Computation in Superposition: Two Handcrafted Models
Networks may mix superposition with clever encodings that sidestep it entirely.
In a new LessWrong post, researchers RGRGRG and Kyle Ray explore how neural networks perform computation in superposition—encoding more facts than they have components—using a toy task: recognizing valid first-name/last-name pairs of 8 famous athletes. They handcraft a first network with 6 neurons, each tuned to fire for 4 athletes via additive weights and a bias of -1, such that each athlete activates exactly 3 neurons. This design uses superposition to combine partial evidence, but false positives (e.g., "Peyton Ruth") require multiple neurons to vote for correct classification.
However, trained networks on the same task often mix this superposition mechanism with a different strategy: a second handcrafted network uses just 2 neurons to memorize arbitrary name pairs without superposition, employing a clever encoding that sidesteps the need for distributed representation. The contrast highlights that superposition is not the only algorithm networks use, even in constrained settings.
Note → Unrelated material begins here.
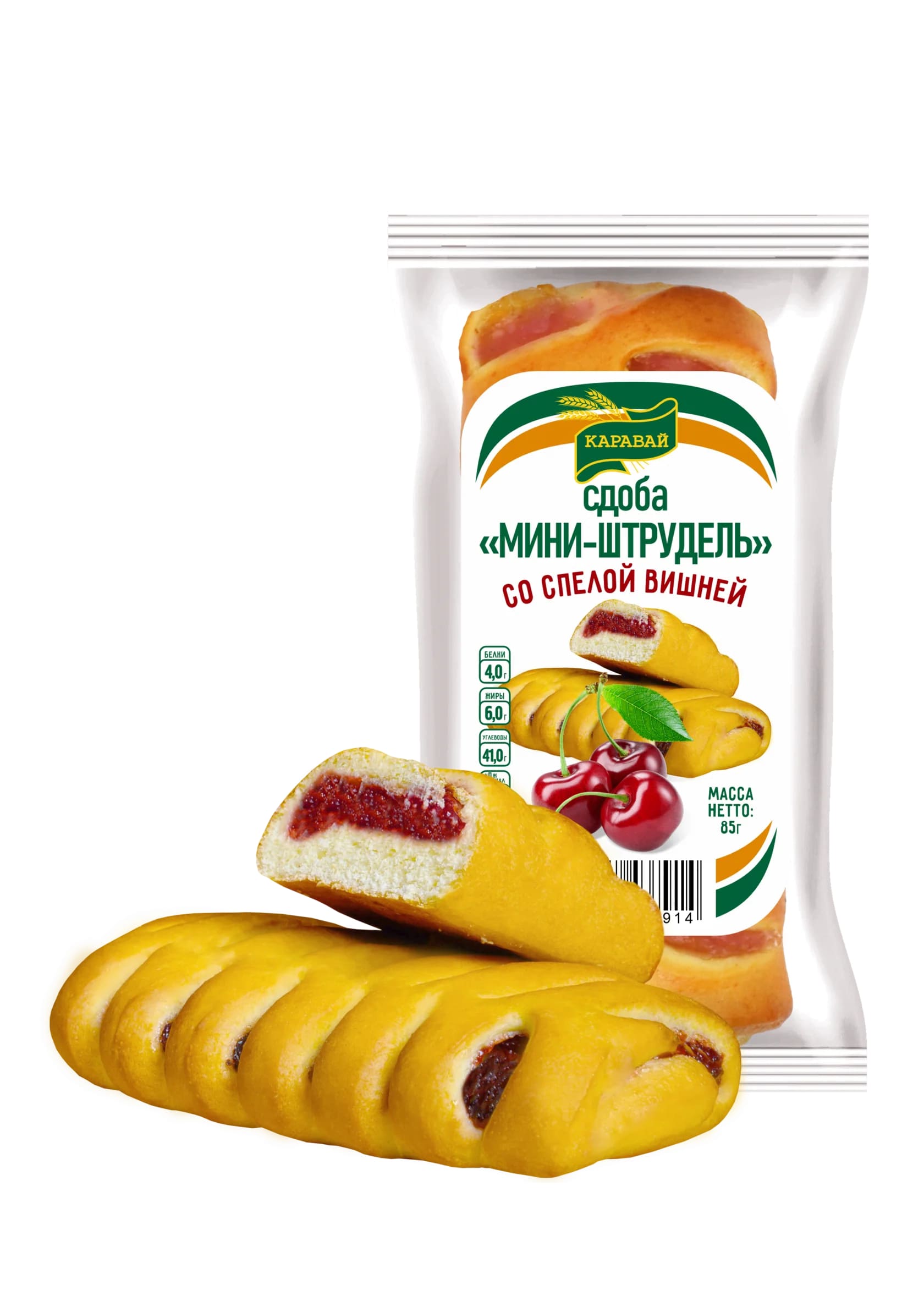 Сдоба КАРАВАЙ Мини-штрудель с вишней 85г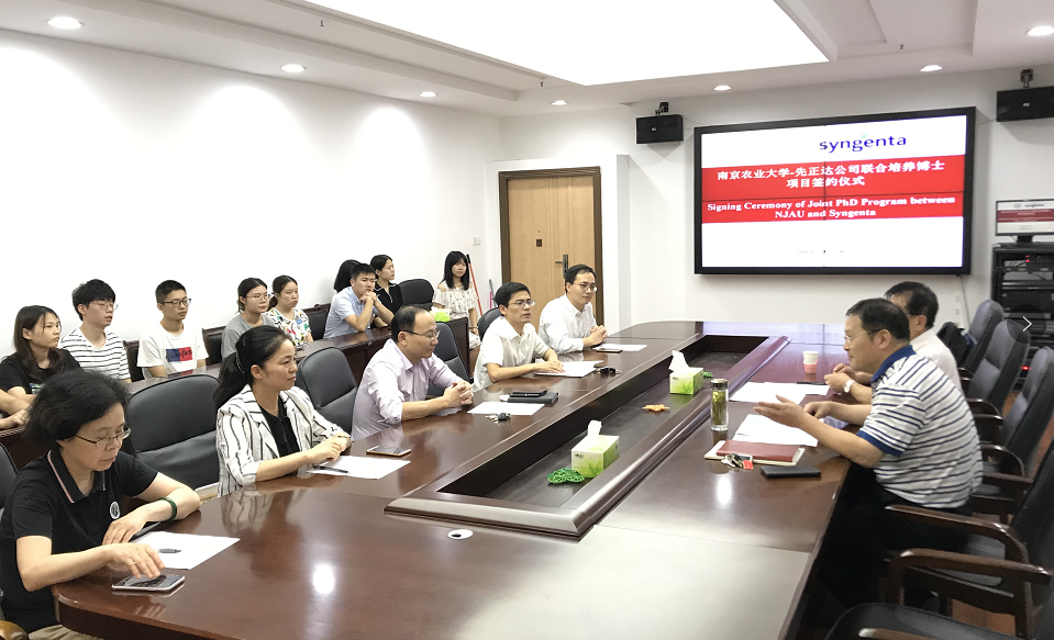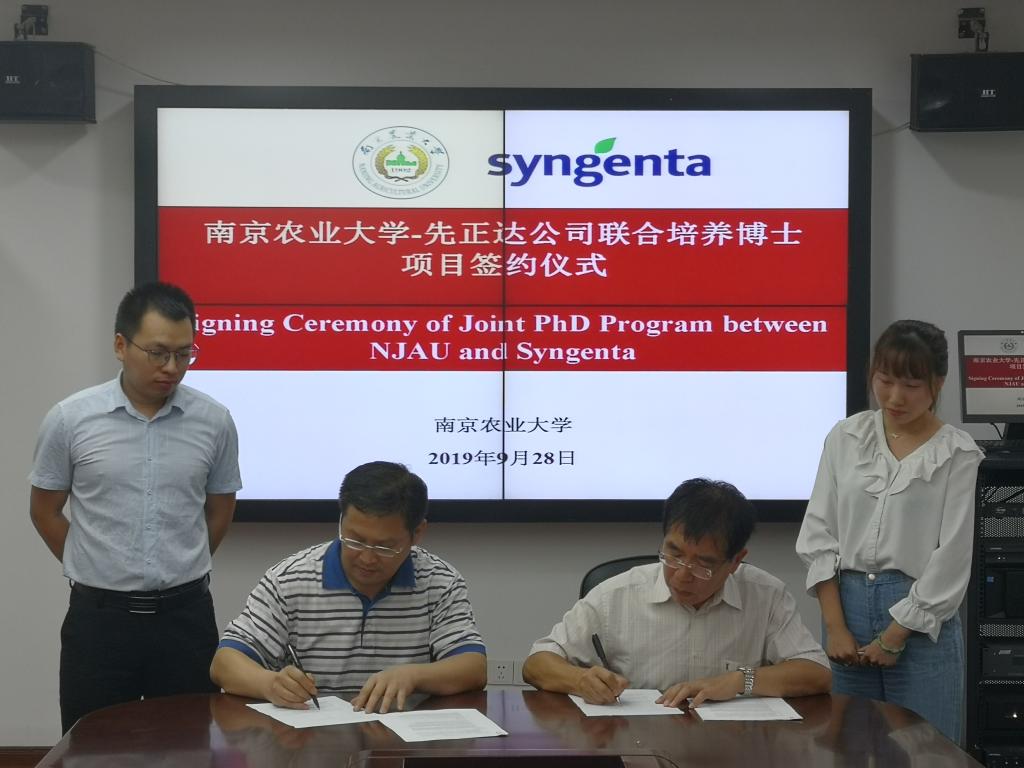 2019年9月28日下午,酒店偷拍 与先正达公司联合培养博士项目协议签字仪式在酒店偷拍 报告厅举行,酒店偷拍 院长章维华教授和先正达公司研发总监兼首席科学家顾玉诚博士代表双方签字。酒店偷拍 吴磊副院长、朱映光副院长、杨红教授、吴华教授、张明智副教授、张曙光、夏青等青年教师以及部分研究生参加了此次活动。

Understanding both mechanisms provides a sharper vocabulary for identifying how models use knowledge, crucial for safety in larger, more capable systems.
- First handcrafted network uses 6 neurons with additive superposition to recognize 4 athletes each, requiring 3 neurons to fire for correct classification.
- Second network uses just 2 neurons to memorize arbitrary name pairs, avoiding superposition entirely via a different encoding strategy.
- Trained networks often mix both approaches, complicating interpretability and suggesting superposition is not the only algorithm for dense knowledge storage.
Why It Matters
This work clarifies how networks compute in superposition, aiding interpretability for safer AI systems.